Information shown:
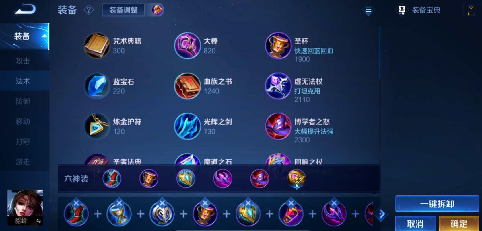 半肉型出装方案更适合应对高爆发敌方阵容,装备包括冷静之靴、噬神之书、痛苦面具、极寒风暴、博学者之怒和不死鸟之眼,肉装提供足够空间让貂蝉在阵前周旋;极寒风暴增加物理防御和冷却缩减,缓解技能衔接空隙,不死鸟之眼强化回复效果配合吸血书,提升持续续航,这套方案牺牲部分伤害换取生存,使貂蝉在持久战中更好地控制战场节奏,尤其在敌方多控制或高输出时表现更佳。
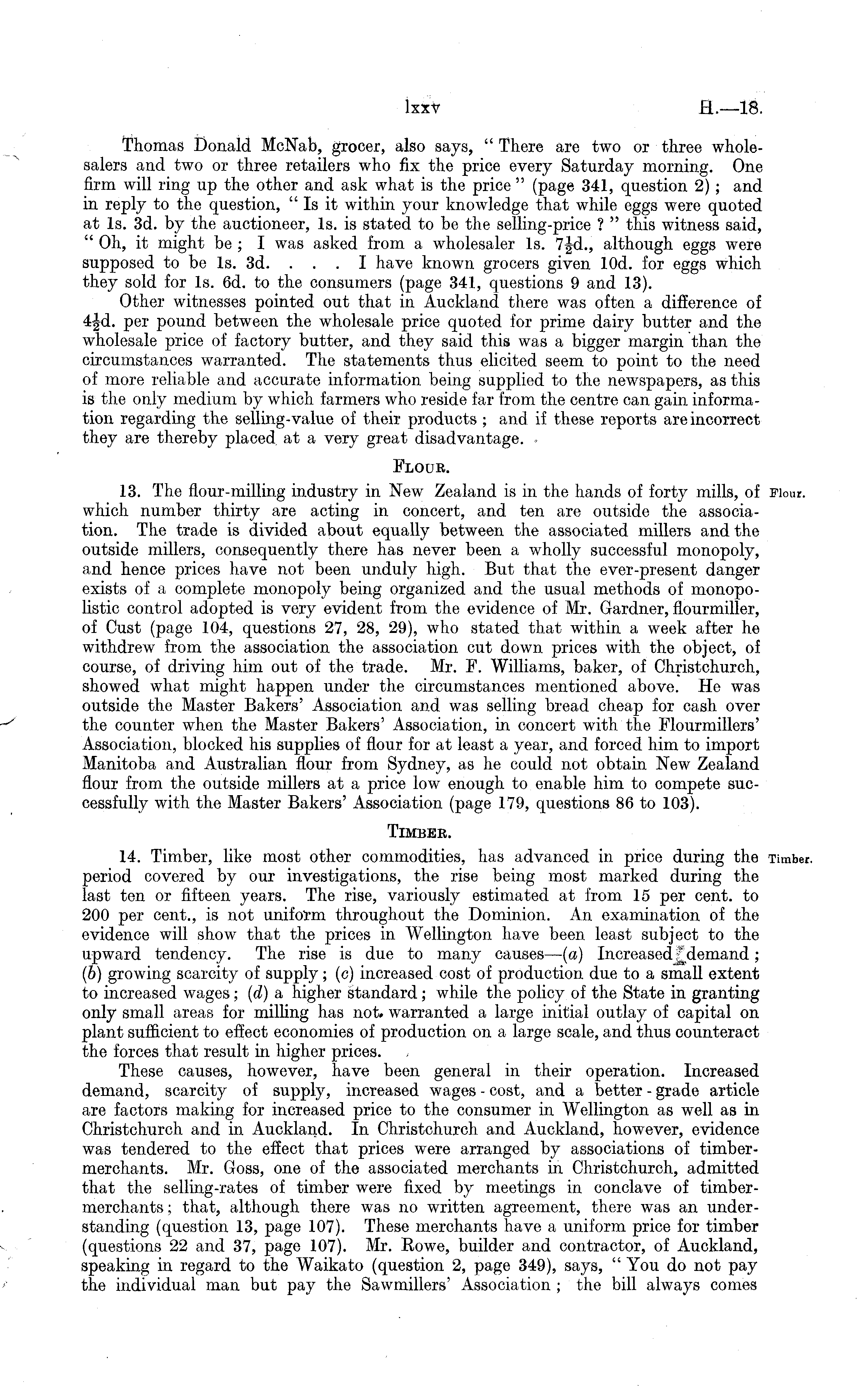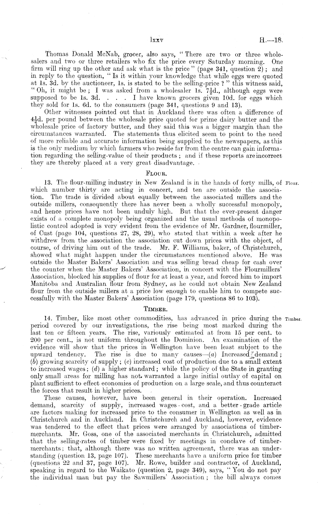 Thomas Donald McNab, grocer, also says, " There are two or three wholesalers and two or three retailers who fix the price every Saturday morning. One firm will ring up the other and ask what is the price " (page 341, question 2) ; and in reply to the question, "Is it within your knowledge that while eggs were quoted at Is. 3d. by the auctioneer, Is. is stated to be the selling-price ? " this witness said, " Oh, it might be ; I was asked from a wholesaler Is. 7|d., although eggs were supposed to be Is. 3d. ... I have known grocers given lOd. for eggs which they sold for Is. 6d. to the consumers (page 341, questions 9 and 13). Other witnesses pointed out that in Auckland there was often a difference of 4|d. per pound between the wholesale price quoted for prime dairy butter and the wholesale price of factory butter, and they said this was a bigger margin than the circumstances warranted. The statements thus elicited seem to point to the need of more reliable and accurate information being supplied to the newspapers, as this is the only medium by which farmers who reside far from the centre can gain information regarding the selling-value of their products ; and if these reports are incorrect they are thereby placed at a very great disadvantage. . Flour. 13. The flour-milling industry in New Zealand is in the hands of forty mills, of which number thirty are acting in concert, and ten are outside the association. The trade is divided about equally between the associated millers and the outside millers, consequently there has never been a wholly successful monopoly, and hence prices have not been unduly high. But that the ever-present danger exists of a complete monopoly being organized and the usual methods of monopolistic control adopted is very evident from the evidence of Mr. Gardner, flourmiller, of Cust (page 104, questions 27, 28, 29), who stated that within a week after he withdrew from the association the association cut down prices with the object, of course, of driving him out of the trade. Mr. F. Williams, baker, of Christchurch, showed what might happen under the circumstances mentioned above. He was outside the Master Bakers' Association and was selling bread cheap for cash over the counter when the Master Bakers' Association, in concert with the Flourmillers' Association, blocked his supplies of flour for at least a year, and forced him to import Manitoba and Australian flour from Sydney, as he could not obtain New Zealand flour from the outside millers at a price low enough to enable him to compete successfully with the Master Bakers' Association (page 179, questions 86 to 103). Timber. 14. Timber, like most other commodities, has advanced in price during the period covered by our investigations, the rise being most marked during the last ten or fifteen years. The rise, variously estimated at from 15 per cent, to 200 per cent., is not uniform throughout the Dominion. An examination of the evidence will show that the prices in Wellington have been least subject to the upward tendency. The rise is due to many causes— (a) Increased ; (b) growing scarcity of supply; (c) increased cost of production due to a small extent to increased wages; (d) a higher standard; while the policy of the State in granting only small areas for milling has not. warranted a large initial outlay of capital on plant sufficient to effect economies of production on a large scale, and thus counteract the forces that result in higher prices. These causes, however, have been general in their operation. Increased demand, scarcity of supply, increased wages - cost, and a better - grade article are factors making for increased price to the consumer in Wellington as well as in Christchurch and in Auckland. In Christchurch and Auckland, however, evidence was tendered to the effect that prices were arranged by associations of timbermerchants. Mr. Goss, one of the associated merchants in Christchurch, admitted that the selling-rates of timber were fixed by meetings in conclave of timbermerchants ; that, although there was no written agreement, there was an understanding (question 13, page 107). These merchants have a uniform price for timber (questions 22 and 37, page 107). Mr. Rowe, builder and contractor, of Auckland, speaking in regard to the Waikato (question 2, page 349), says, " You do not pay the individual man but pay the Sawmillers' Association ; the bill always comes
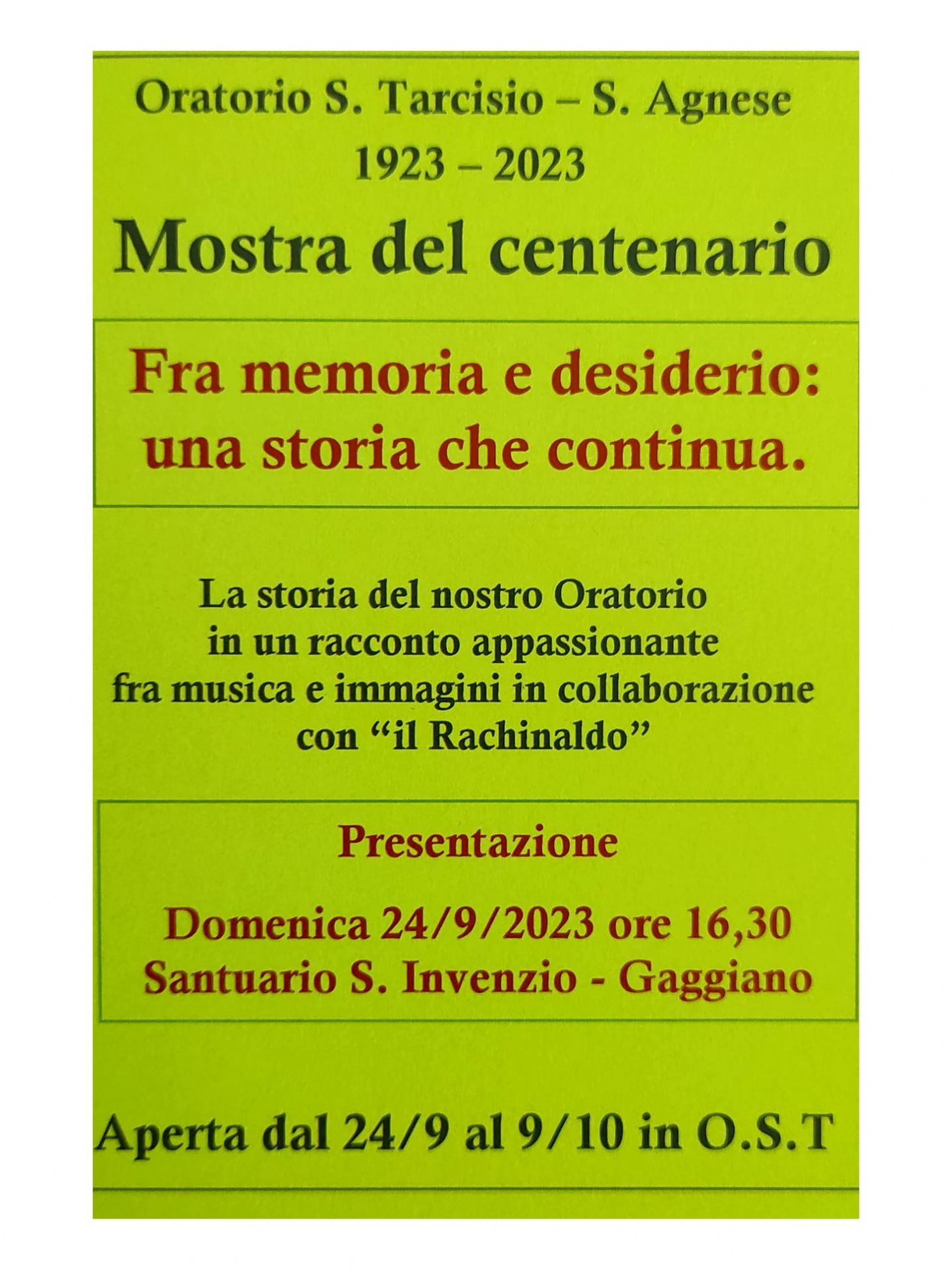 24 settembre h. 16.30 Santuario di S.Invenzio
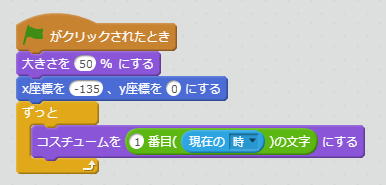 時刻を取得するブロックは、「現在の時」ブロックで取得して、1桁目の時間は「1番目(現在の時)の文字」ブロックで取得します。
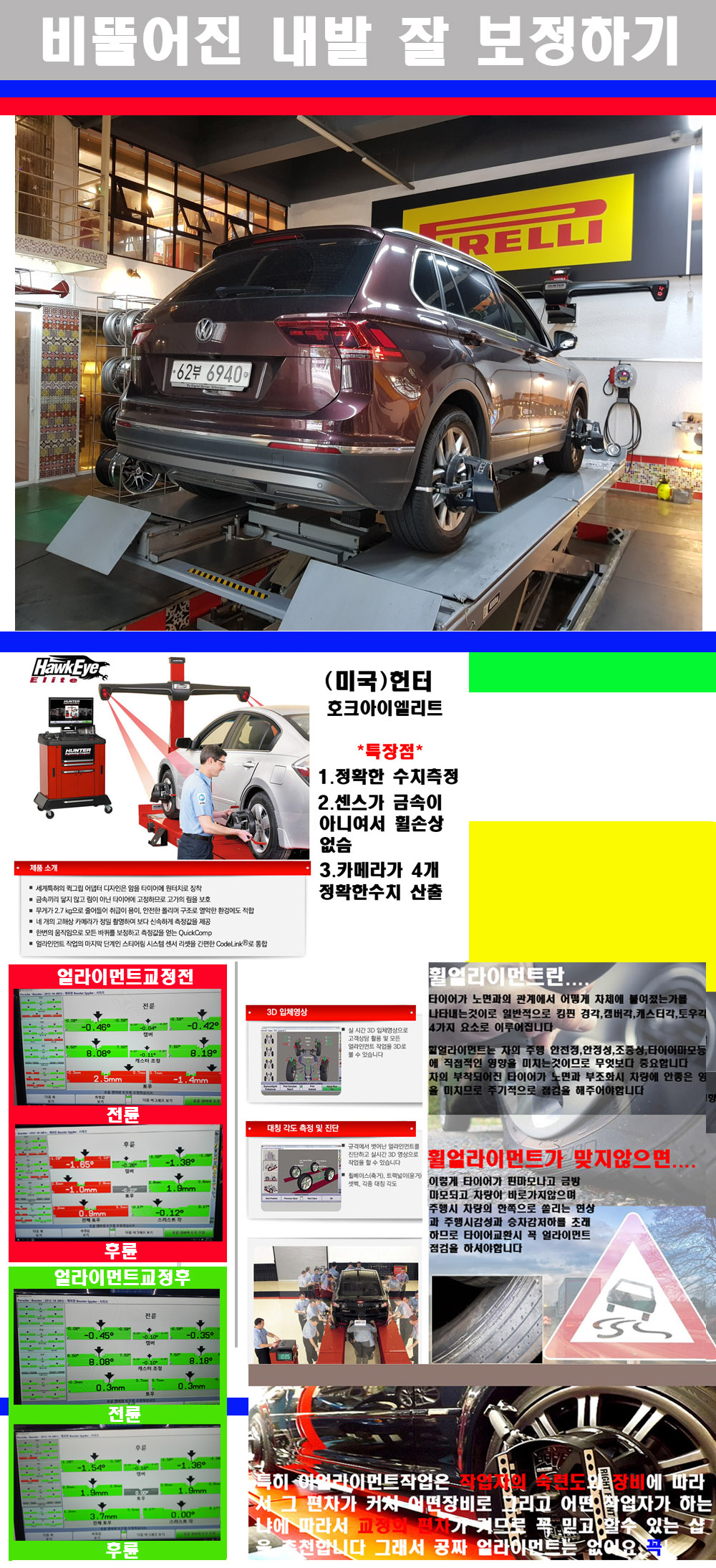 자사는 얼라이먼트정렬시 교정전 교정후를 구분하여 고객님께 직접 이수치값을 확인시켜드리고 작업을 하며 이후 각각의 특성을 가진 타이어들에 대해서 설명 및 관리요령 운전요령 같이 설명해드리고 있습니다
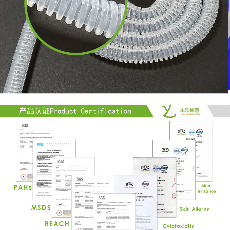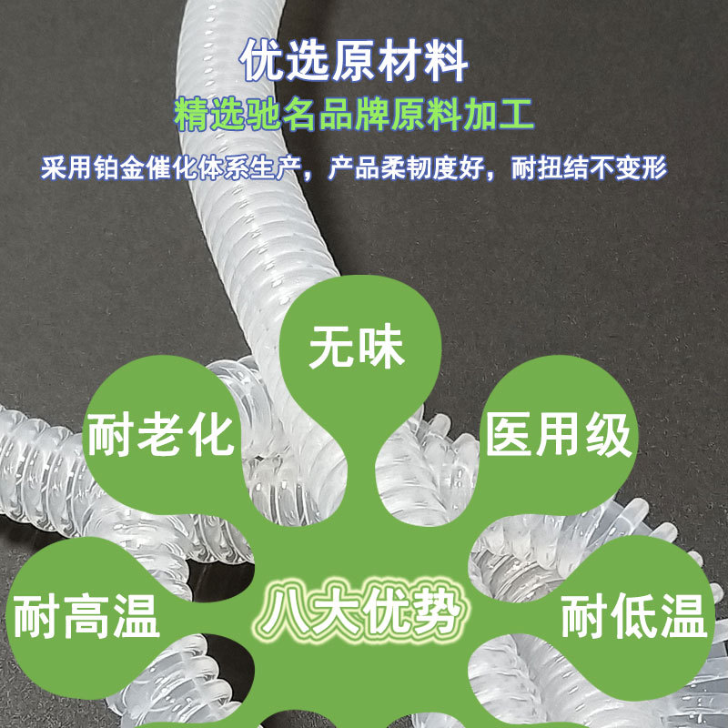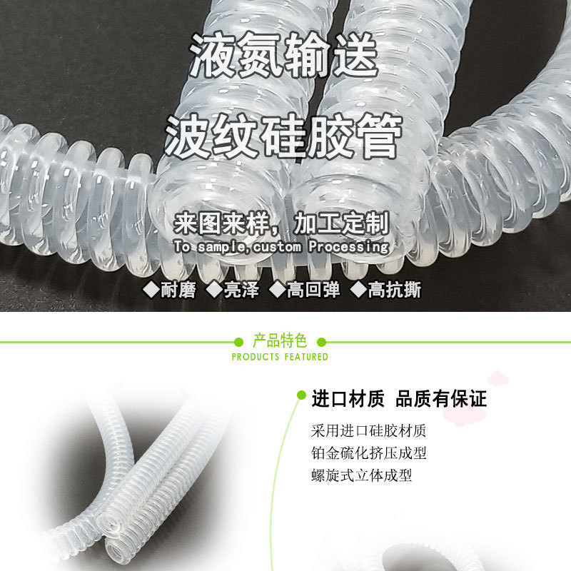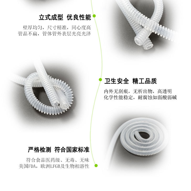 液氮輸送波紋硅膠管:采用進(jìn)口硅膠原材料,連續(xù)擠出一次成型,內(nèi)壁平滑;常規(guī)硬度70度(邵氏硬度30-80度);耐溫范圍廣(-50~+280℃),可以適應(yīng)高、低溫設(shè)備需求,并耐老化。常規(guī)PE袋+紙箱包裝,特殊要求可按客戶標(biāo)準(zhǔn);產(chǎn)品符合SGS、FDA、LFGB、生物相溶性等;用于呼吸機、麻醉機、制氧機、液氮輸送管道等。
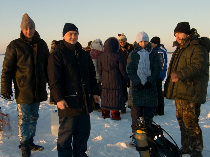 МЫ СДЕЛАЛИ ЭТО!!!!! несмотря на трескучий мороз - дайв состоялся!!!! Выехали часа в 3 ночи, в москве -19, нормально... По мере удаления от мегаполиса температура понижалась пропорционально пройденому пути... в итоге -35 на Селигере, но полное отсутствие ветра!!!!
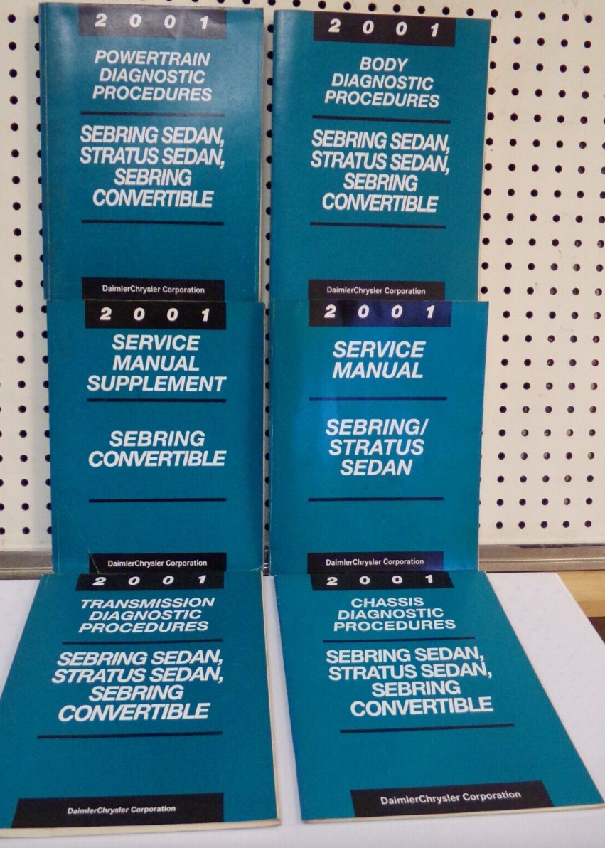 Manuale di servizio di fabbrica della berlina Chrysler Sebring e Dodge Stratus del 2001, supplemento al manuale di servizio per la decappottabile e manuali delle procedure di diagnostica di gruppo propulsore/carrozzeria/telaio/trasmissione

Work order:
All lines from the one holding "液氮輸送波紋硅膠管:采用進(jìn)口硅" through the last line of the entries, and nothing else, are to be output exactly; leave out the pictures.

Finished exercise:
 液氮輸送波紋硅膠管:采用進(jìn)口硅膠原材料,連續(xù)擠出一次成型,內(nèi)壁平滑;常規(guī)硬度70度(邵氏硬度30-80度);耐溫范圍廣(-50~+280℃),可以適應(yīng)高、低溫設(shè)備需求,并耐老化。常規(guī)PE袋+紙箱包裝,特殊要求可按客戶標(biāo)準(zhǔn);產(chǎn)品符合SGS、FDA、LFGB、生物相溶性等;用于呼吸機、麻醉機、制氧機、液氮輸送管道等。
 МЫ СДЕЛАЛИ ЭТО!!!!! несмотря на трескучий мороз - дайв состоялся!!!! Выехали часа в 3 ночи, в москве -19, нормально... По мере удаления от мегаполиса температура понижалась пропорционально пройденому пути... в итоге -35 на Селигере, но полное отсутствие ветра!!!!
 Manuale di servizio di fabbrica della berlina Chrysler Sebring e Dodge Stratus del 2001, supplemento al manuale di servizio per la decappottabile e manuali delle procedure di diagnostica di gruppo propulsore/carrozzeria/telaio/trasmissione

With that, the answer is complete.